No intervalo, todos saíram, menos a L.. Permaneci na sala e ficámos as duas sozinhas. Tentando conter o rio que corria nos seus olhos e lhe embargava a voz, a L. desabafou: “Estou farta, farta! Já não aguento. Há 15 anos que me dedico aquela escola, que me dou por completo, que faço de tudo para todos podermos estar melhor, mas é sempre a mesma coisa. As pessoas não querem. Não ligam. Já não sei o que fazer.” E prosseguiu, contando alguns episódios que ilustravam a insensibilidade e mesmo crueldade que grassa entre colegas de profissão. Gelei. Tive o impulso de lhe dar um abraço, mesmo sabendo que aquele abraço nunca poderia curar a mágoa que provinha daquele desalento profundo.

“Estou a tornar-me uma pessoa amarga. E eu não sou assim… Para quê? Para quê tudo isto?” Já não me lembro bem do que disse na altura… Tentei confortá-la. Lembro-me que lhe disse que não estava só. Mas há outras coisas que lhe queria ter dito e não consegui dizer. Porque fiquei transtornada. Revoltada com a crueldade e injustiça para com quem acredita que pode construir uma escola melhor e tudo faz para o conseguir. Pairavam na minha cabeça as palavras do Príncipe de Maquiavel: “os inovadores criam inimigos em todos os que prosperam sob a velha ordem…”, ali, naquele mesmo instante, materializadas.

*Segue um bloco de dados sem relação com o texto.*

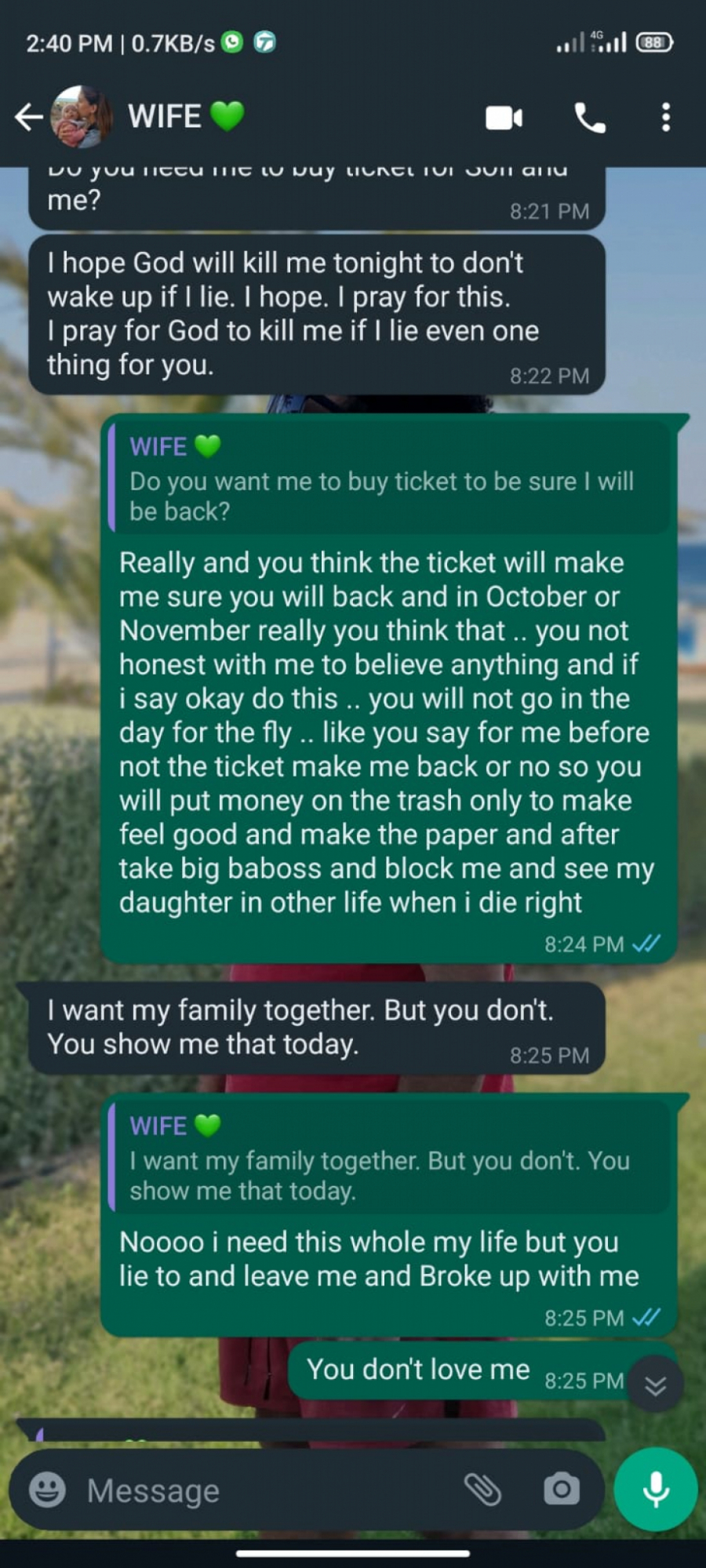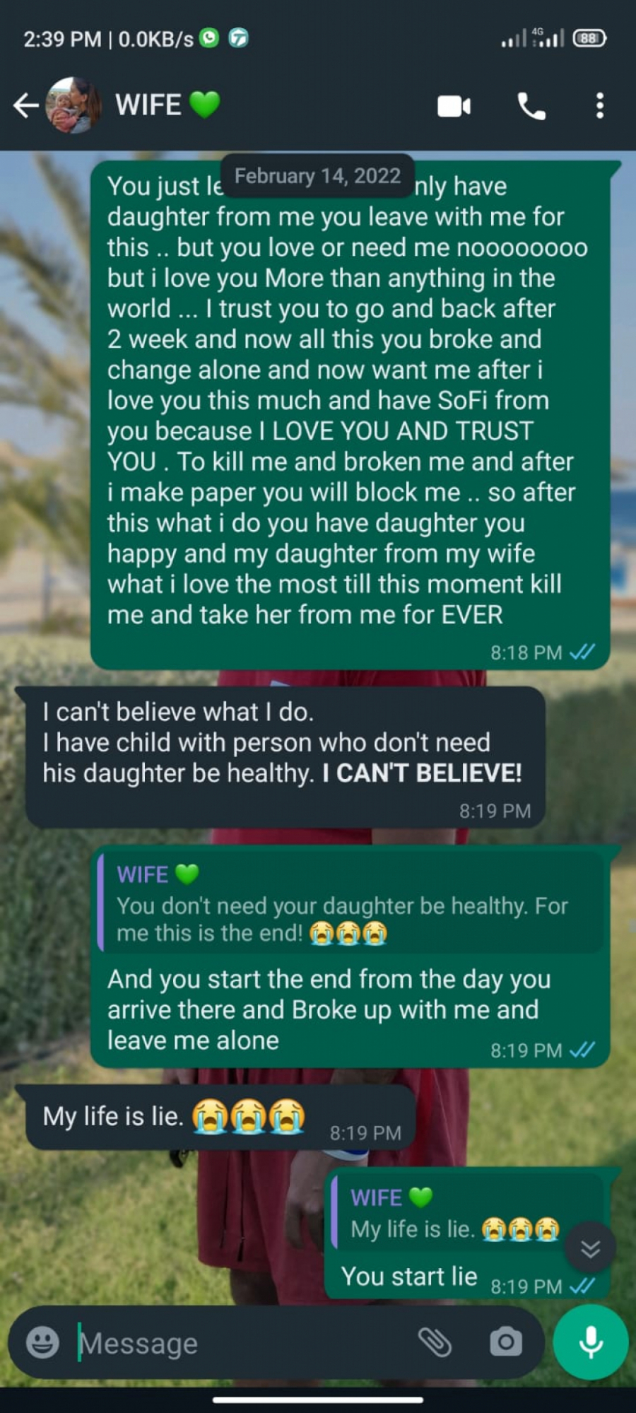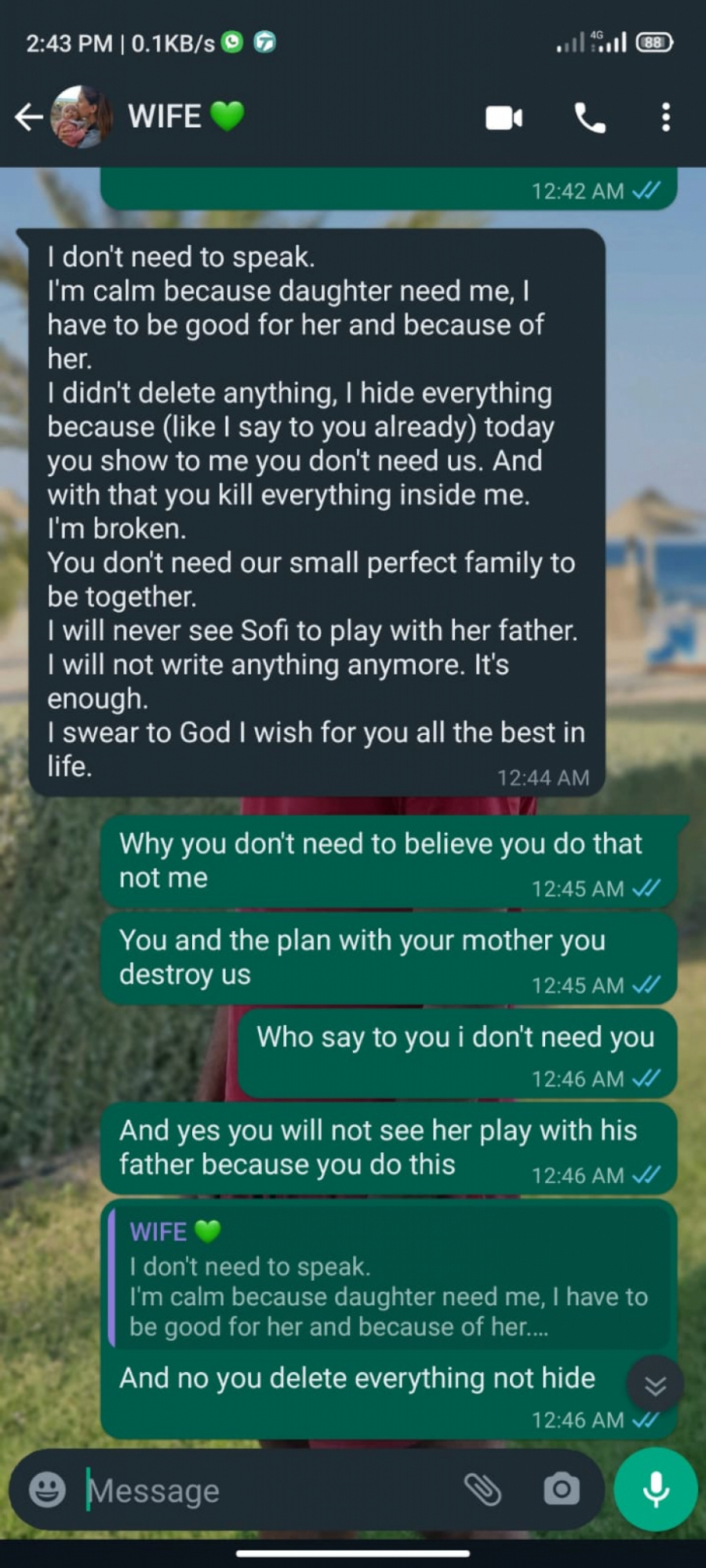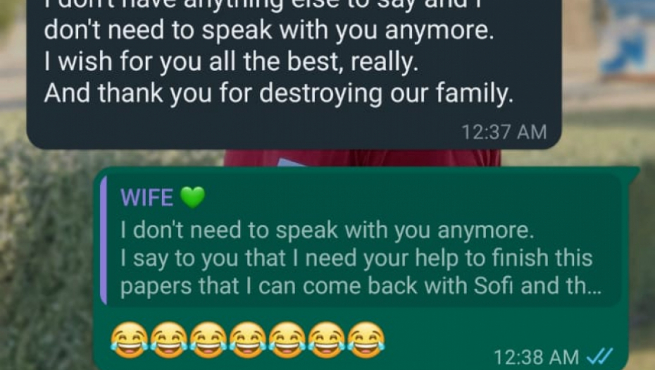 U prepisci koju nam je Sajed prosledio prikazane su poruke u kojima mu Lea, navodno, poručuje da mora da joj da starateljstvo nad ćerkom jer prema srpskim zakonima Sofi ne može da ima oca sa četiri prezimena.
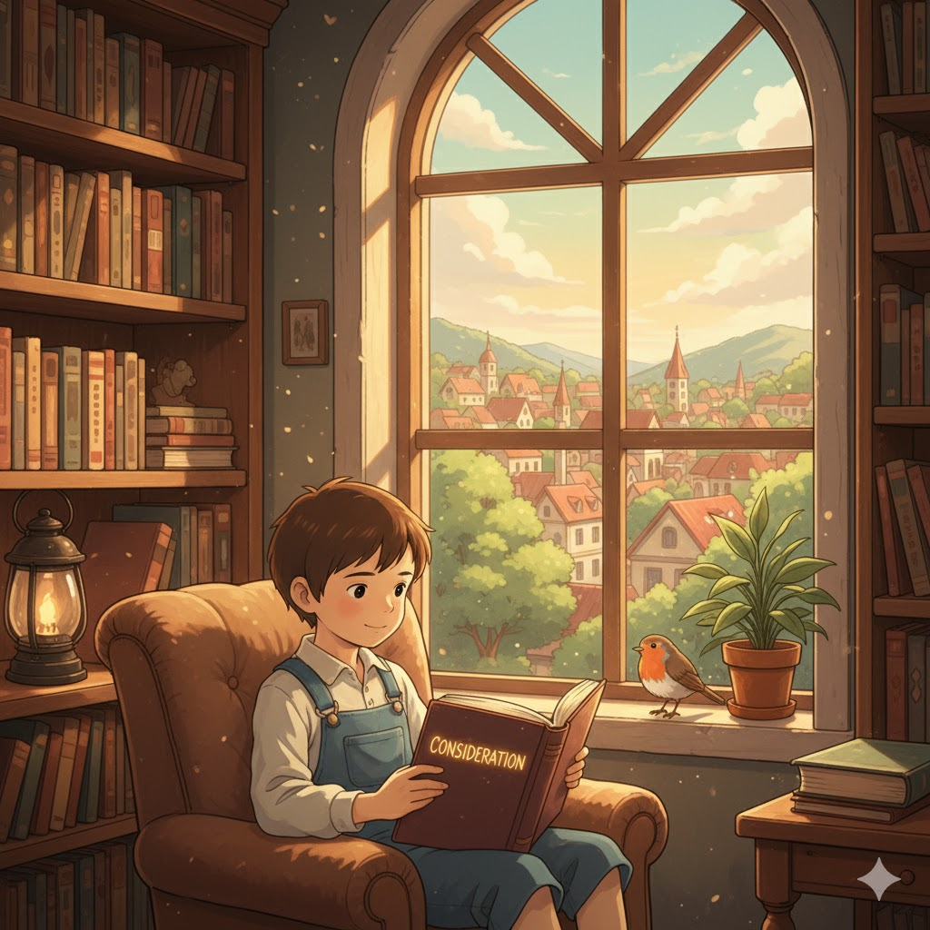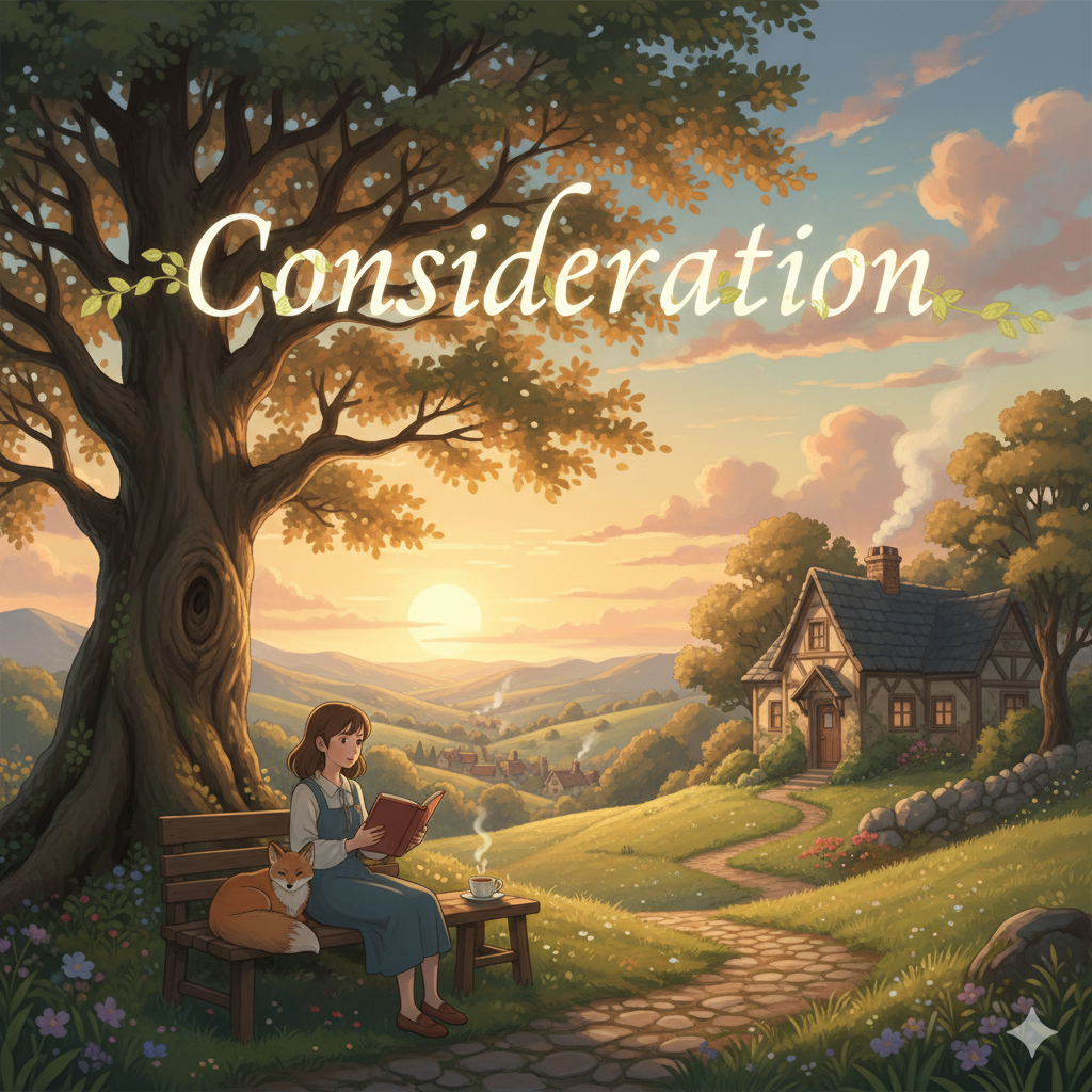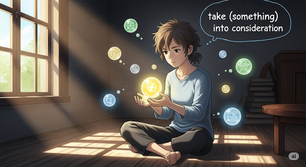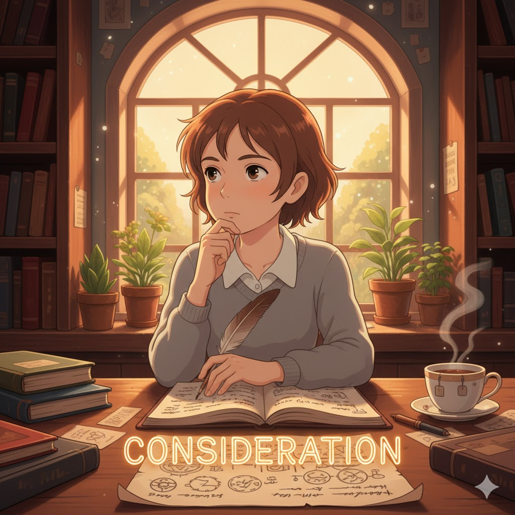 어떤 결정을 내리거나 행동하기 전에 신중하게 생각하고 검토하는 정신적 과정을 의미합니다. 단순히 '생각'하는 것을 넘어, **'타인을 배려하는 마음'**이나 **'중요하게 여겨야 할 요소(고려 사항)'**를 뜻하기도 합니다. 깊이 있는 '숙고'와 '배려'의 개념이 핵심입니다.
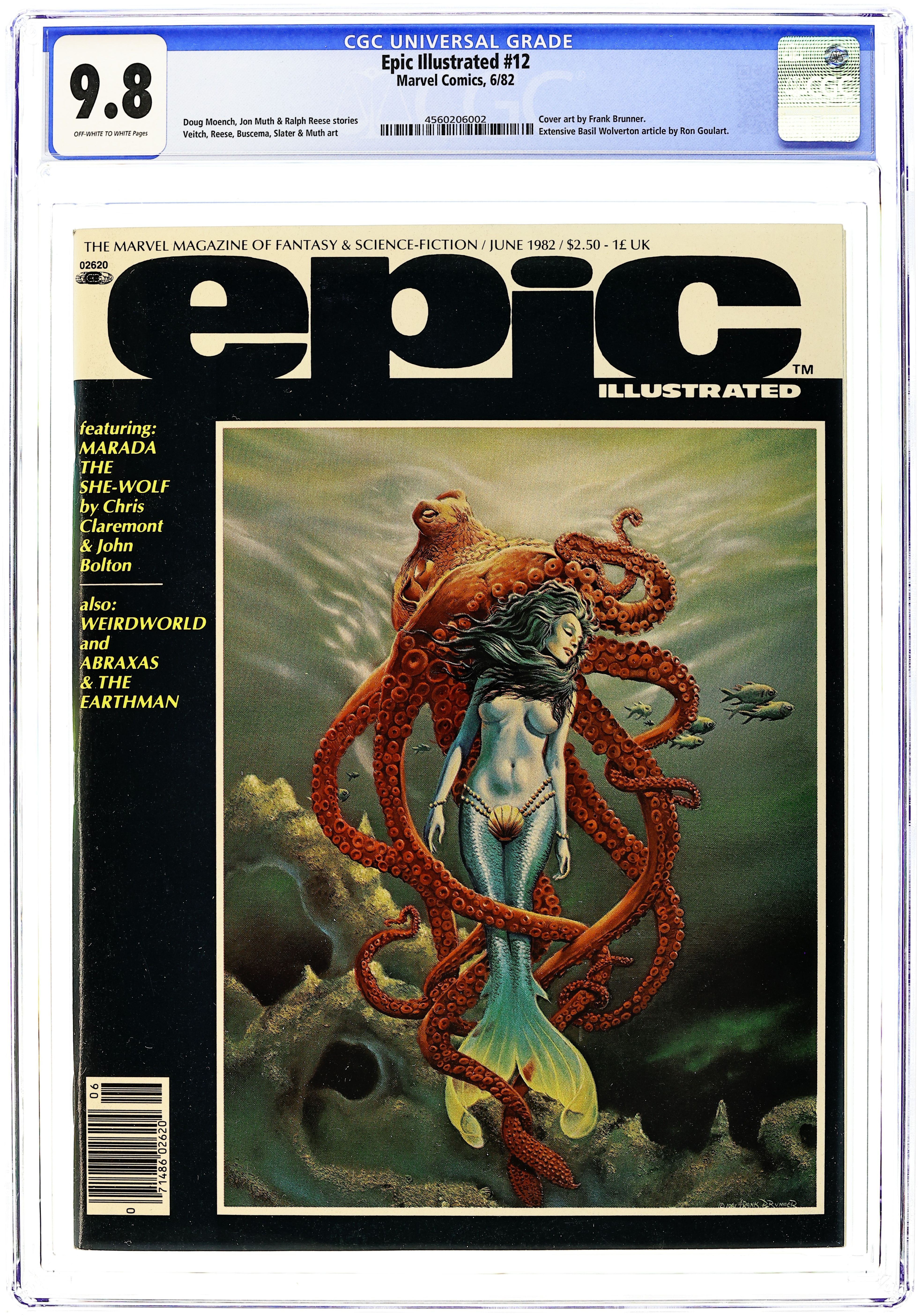 Epic Illustrated was touted as a new experience in adult fantasy and science fiction adventure. Published by Marvel Comics, this magazine was aimed at a more mature audience. Issue #12 includes: Weirdworld: The Dark Stratagem by Doug Moench, John Buscema, Marie Severin, and Steve Oliff, Small Gifts by Jon Jay Muth, Pursuit by Jon Jay Muth, Marada the She-Wolf: Royal Hunt by Chris Claremont and John Bolton, Abraxas and the Earthman: The Hunt by Rick Veitch, The Transition by Bruce Sakow and Gerald Slater, Spacehawk: The Superhuman Enemy of Crime Basil Wolverton and Rick Veitch, Cabin Fever by Ralph Reese, and To Slay a Dragon by Zoran Vanjaka. Also includes Basil Wolverton article. Cover art by Frank Brunner. June 1982. Cover price $2.50.
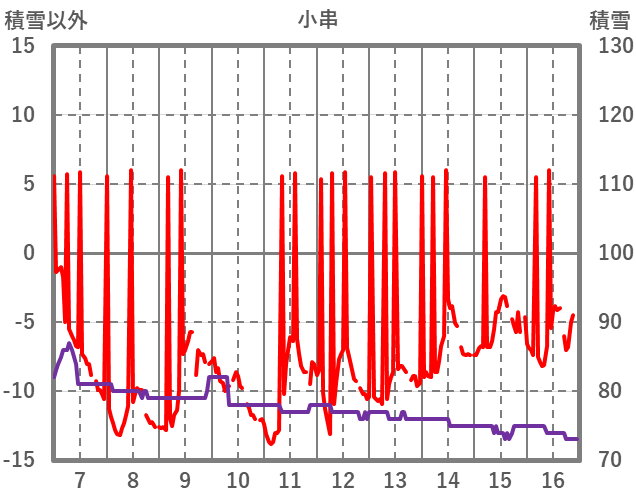 | 日 | 時 | 気温 | 降水 | 風向/風速 | 日照 | 積雪 | 降雪 |
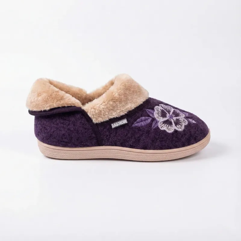 Дуже красиві та неймовірно теплі домашні чуні від перевіреного бренду Dagohome. Ця модель поєднує в собі елегантний дизайн та максимальний комфорт. Насичений фіолетовий колір верху гармонійно доповнюється акуратною вишивкою у вигляді квітки, що робить це взуття чудовим варіантом для подарунка близькій людині. Верх виготовлений з м'якого велюрового текстилю, приємного на дотик. Головна "родзинка" моделі — широка та пухнаста хутряна облямівка (опушка) бежевого кольору, яка огортає ногу теплом. Усередині чуні також утеплені густим еко-хутром, тому ваші ноги не змерзнуть навіть на холодній підлозі. Підошва прошита, виготовлена з еластичного ПВХ/поліуретану, має невелику танкетку для правильного положення стопи. Вона міцна, не ковзає та дозволяє комфортно пересуватися по дому. Характеристики: Сезон: Зима / Осінь Виробник: Dago Style (Україна) Матеріал верху: Текстиль (велюр/фліс) Матеріал підкладки: Тепле еко-хутро Декор: Вишивка «Квітка», нашивка бренду Колір: Фіолетовий (Баклажан) Підошва: ПВХ (прошита) Розміри в наявності: 37, 38, 39, 40, 41
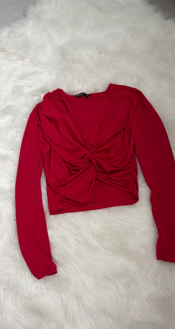 Kadınlar için uzun kollu, drapeli ve kısa kesim kırmızı bluz. Yumuşak ve sıcak kumaştan, sokak stili için cesur ve rahat bir seçenek sunar.
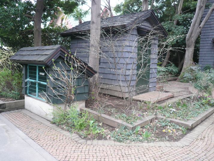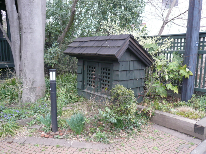 この中に電気メーター、ガスメーターが、収まってっている。右に見えるのは鉄骨の外側に木を張って化粧した引き込み電柱。 |

Mas agora, tenho que dizer:

Querida L., tenho tanto orgulho em conhecê-la, a si e a tantos outros professores que, tal como a L., não desistem de ‘inventar dias mais claros’. Eu sei que é difícil vencer os ‘guardiões da velha ordem’. Sinto-o frequentemente na pele, em várias escolas por onde vou passando. Ouço o eco das suas palavras nas palavras de tantos outros professores que se sentem a remar contra a maré. E sei que há dias em que a deceção nos quer sair pelos olhos, como hoje. Mas não desista. Porque são os Professores como a L. que fazem a diferença. E é preferível estar vivo na profissão, ensaiando novas possibilidades de ação, mesmo quando poucos se permitem ver, do que estar morto e não o saber. Alegre-se, querida L.. Porque tem rasgo, e luz e garra. E porque a sua garra, pela qual é tantas vezes agredida, é simultaneamente a força de quem a si se junta nesta luta contra a hipocrisia das promessas educativas reiteradamente enunciadas e sistematicamente não cumpridas. Não desista. Porque como afirmava José Matias Alves no texto que aqui retomei, “é urgente criar condições para que os inovadores prosperem e o rebanho tenha cada vez menos seguidores”.